Les autorités japonaises ont annoncé la première attaque mortelle d'ours de l'année 2026, marquée par un bilan déjà tragique d'attaques similaires antérieures. Le 21 avril dernier, une femme de 55 ans a perdu la vie dans le département d'Iwate, au nord du pays, comme l'a confirmé un représentant du ministère de l'Environnement.
En parallèle, les forces de l'ordre investiguent sur deux autres décès suspects potentiellement causés par des ours. Un corps a été trouvé jeudi dernier dans Iwate, tandis qu'un second a été découvert mardi dans une forêt du département de Yamagata, plus au sud.

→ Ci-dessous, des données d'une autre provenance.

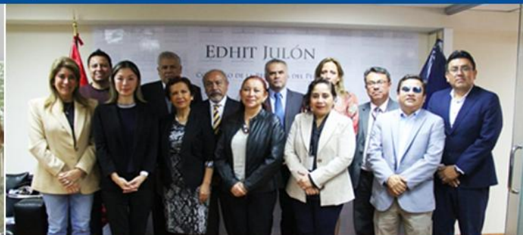
Mesas de Trabajo sobre el Proyecto de Ley 4506/2022-CR, Ley que fortalece la Ley 31014, "Ley que regula el uso de sustancias modelantes en tratamientos corporales con fines estéticos y define dicho procedimiento como acto médico".
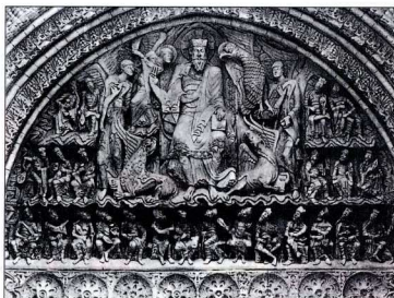
4. Η Δεύτερη Παρουσία ο Χριστός είναι πλαισιωμένος από τα τέσσερα συμβλήματα των Ευαγγελιστών και τους είκοσι τέσσερις πρεσβυτέρους (Δ 4-7). Ανάγλυφο του 12ου αι., τύμπανο της εκκλησίας του Αββαείου του Μουασάκ.
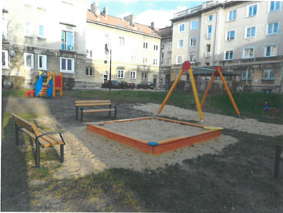
Fot. Powstałe place zabaw
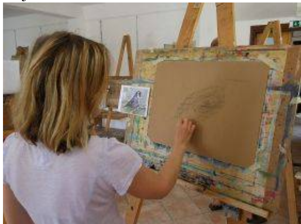
Sinji vrh
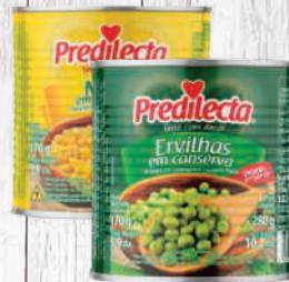
Milho verde ou Ervilha Predilecta lata 170g
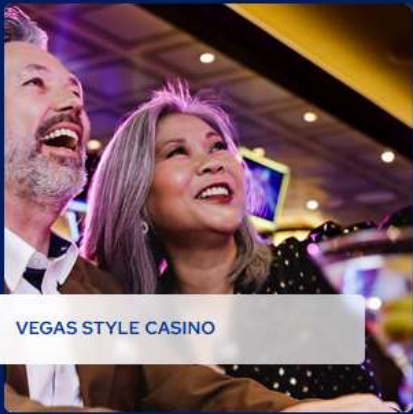
VEGAS STYLE CASINO
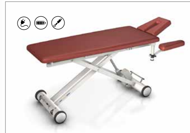
SOLID-SERIE | ab S. 04

Le corps d'une sexagénaire retrouvé avec des blessures à la tête
Concernant une des enquêtes, les rapports indiquent que Chiyoko Kumagai, une femme de 69 ans disparue lors d'une cueillette de plantes sauvages, a été retrouvée avec des blessures apparentes au visage et à la tête, possiblement infligées par un animal. Les autorités locales ont engagé des chasseurs pour surveiller la région où son véhicule avait été stationné, comme le rapporte la chaîne publique NHK.
Un contexte inquiétant : 13 morts en 2025
En 2025, le Japon a enregistré un nombre record d'attaques d'ours, avec 13 personnes tuées et plus de 200 blessées. Ces incidents ont provoqué une alarmante montée des signalements dans des zones urbaines, y compris près des écoles et des commerces, suscitant une inquiétude croissante parmi les habitants des régions touchées.
Pour faire face à cette situation, l'armée a été mobilisée dans les départements les plus concernés, aux côtés des forces de police chargées de gérer ces animaux potentiellement dangereux. Chaque année, des milliers d'ours sont tués au Japon, un indicateur alarmant de la tension entre les espèces et l'homme.
Des ours en quête de nourriture
Les experts attribuent cette augmentation d'attaques à une pénurie de nourriture, notamment de glands, qui pousse les ours à s'aventurer en milieu urbain. La dépopulation rurale, qui brouille la distinction entre la nature et les zones habitées, joue également un rôle dans ce phénomène, selon les recherches menées par des spécialistes de la faune.
Les ours bruns, exclusivement présents sur l'île de Hokkaido, ont vu leur population doubler en trois décennies, atteignant plus de 11 500 individus en 2023. En revanche, les ours noirs, présents sur l'île de Honshu et notamment dans les départements d'Iwate et de Yamagata, continuent également d'augmenter.
Il reste à voir comment les autorités japonaises répondront à cette menace croissante et quelles mesures seront prises pour assurer la sécurité des habitants tout en préservant la vie sauvage.